The Buffet Rule and the Self-Made Myth

Predictably, the Buffet Rule–which would have raised tax rates on those making a million dollars or more a year–failed for lack of the 60 votes needed to break a Republican filibuster. The GOP defended its position as necessary to encourage entrepreneurship and job creation, despite literally mountains of data disproving the link between lower taxes and economic prosperity.

It may be instructive to consider a couple of observations from a new book written by Bill Gates Senior. It’s titled “Self-Made Myth.”

In the book, Gates explains that Bill Jr. could not have built Microsoft without the United States’ publicly-supported infrastructure, tax laws, government-funded scientific research, public education and patent protection.

The book cites a number of other successful entrepreneurs who readily acknowledge their immense debt to the broad-based, publicly-financed goods our society offers, from the roads over which they ship their goods to the police and firefighters who maintain public safety.

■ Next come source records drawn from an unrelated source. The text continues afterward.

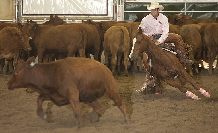 Eli Auger, riding Rockin By Choice, finished in second place in the brideless cutting competition during the 5th annual Big Sky Futurity & Aged Event at Majestic Valley Arena Friday night.
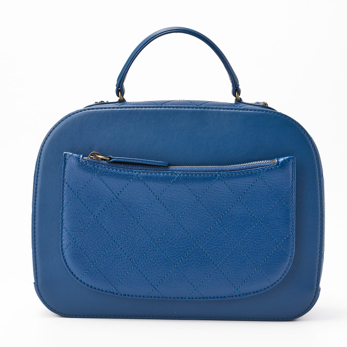 Pre-Owned Big Coco Top Handle 2WAY Chain Shoulder Bag Lambskin Caviar Skin Blue Gold-Tone Hardware Pre-Owned
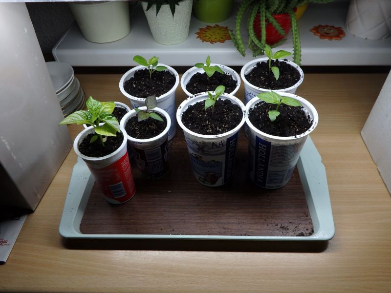 Odrůdy C. Baccatum jsou ve větších kelímcích, odrůdy C. Chinenses v menších. Počkám cca 2 týdny, až se holky chytí a pak tradá k novým majitelům.
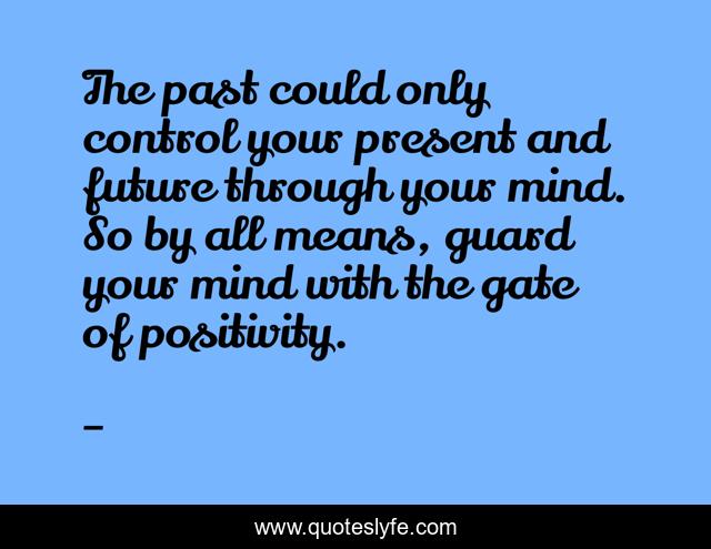 This page presents the quote "The past could only control your present and future through your mind. So by all means, guard your mind with the gate of positivity.". Author of this quote is . This quote is about your-future, your-present, guard-your-mind, edmond-mbiaka, positivity, your-past-negative-experiences, your-present-and-future, controlling-your-life,.
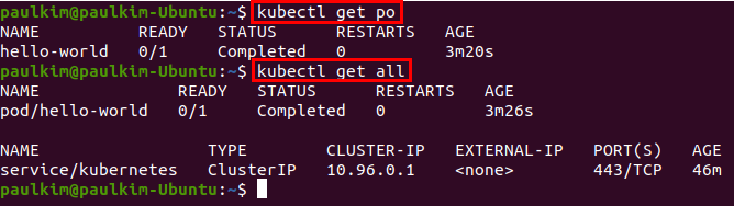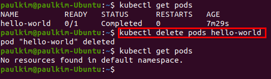 위 명령어의 뜻은 hello-world 이미지를 갖고 와서 hello-world라는 pod를 만들어서 한 번만 실행하고 끝내라 라는 의미입니다.
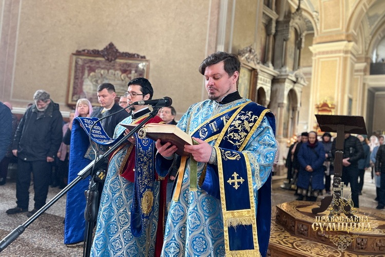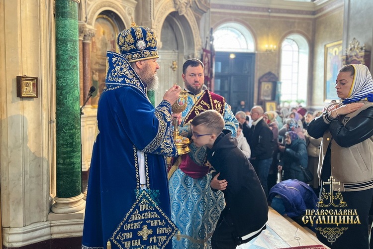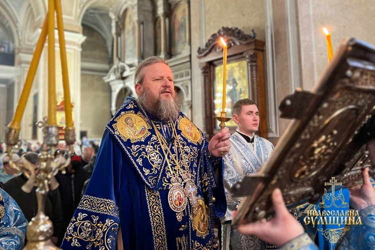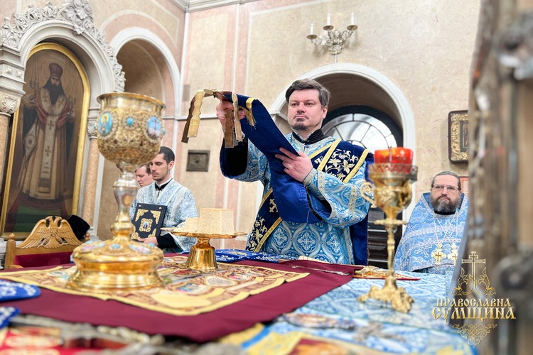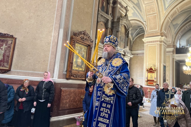 7 квітня 2026 року, у Великий Вівторок Страсної седмиці та у світлий день свята Благовіщення Пресвятої Владичиці нашої Богородиці і Приснодіви Марії, Високопреосвященніший митрополит Сумський і Охтирський Євлогій очолив урочисті богослужіння у Спасо-Преображенському кафедральному соборі міста Суми.
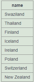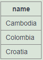 %는 와일드 카드이며 모든 문자와 일치할 수 있습니다. Y로 시작하는 나라를 찾아보세요.
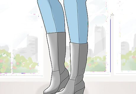 Tuck skinny blue jeans into your wedge boots for a casual look. Jeans and wedge boots make for a sleek line on your leg, which nicely complements bulkier looks with layered sweaters and scarves, and also works great with a tee-shirt or tank top. Straight jeans tuck in well too. Cuff your jeans if you want to expose more of the boot. If you have boot-cut jeans, just let them fall over the tops of your boots.
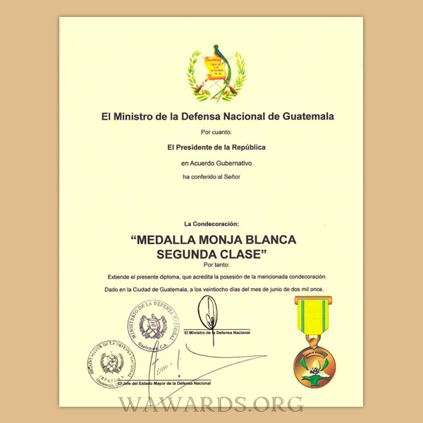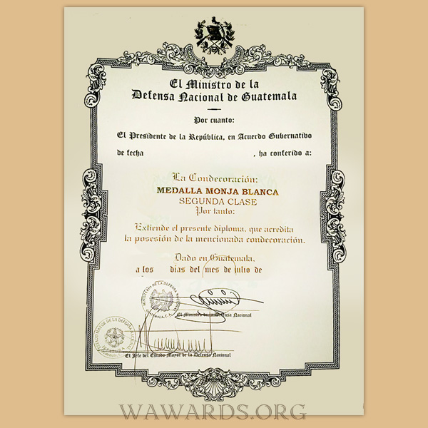 - Medal is awarded to members of the Army who, through distinguished actions in the line of duty or while representing the Armed Forces abroad, distinguish themselves through their outstanding merits that benefit both the Army and the Republic of Guatemala; to both foreign civilians and military personnel who, demonstrate actions of brotherhood, friendship, and loyalty to the Guatemalan Army.

A foreign student of mine once observed that there are plenty of bright, entrepreneurial people in third-world countries who cannot succeed on the scale Americans can, precisely because they lack those public goods, and because the absence of our extensive but largely taken-for-granted public infrastructure prevents the development of a middle class with the wherewithal to purchase their products. Market-based economies require–duh!–markets.

The question we face right now is what happens if we continue down the reckless path we seem to be traveling, a path that promises–among other things–to eliminate or vastly reduce the American middle class?

Ironically, in their zeal to avoid even moderately higher taxation, their unwillingness to repair or improve our crumbling infrastructure, their attacks on the public servants who provide security and education, the wealthiest Americans and their apologists and courtiers run a significant risk of killing the goose that makes their golden eggs possible.

The reality, as Neil Pierce has recently noted, is that government has been an indispensable player in developing America’s prosperity, from the early canals to our transcontinental railways, great dams to the interstate highway system, the first telegraph lines to the government-funded research that led to the Internet. It’s equally true at the local and state level, from public schools for all to our great public universities, the first minimum wage and workplace safety laws.

None of these public goods are free. They are an investment, and over the years, they’ve generated a remarkable rate of return in general prosperity and in all of those “self-made” men.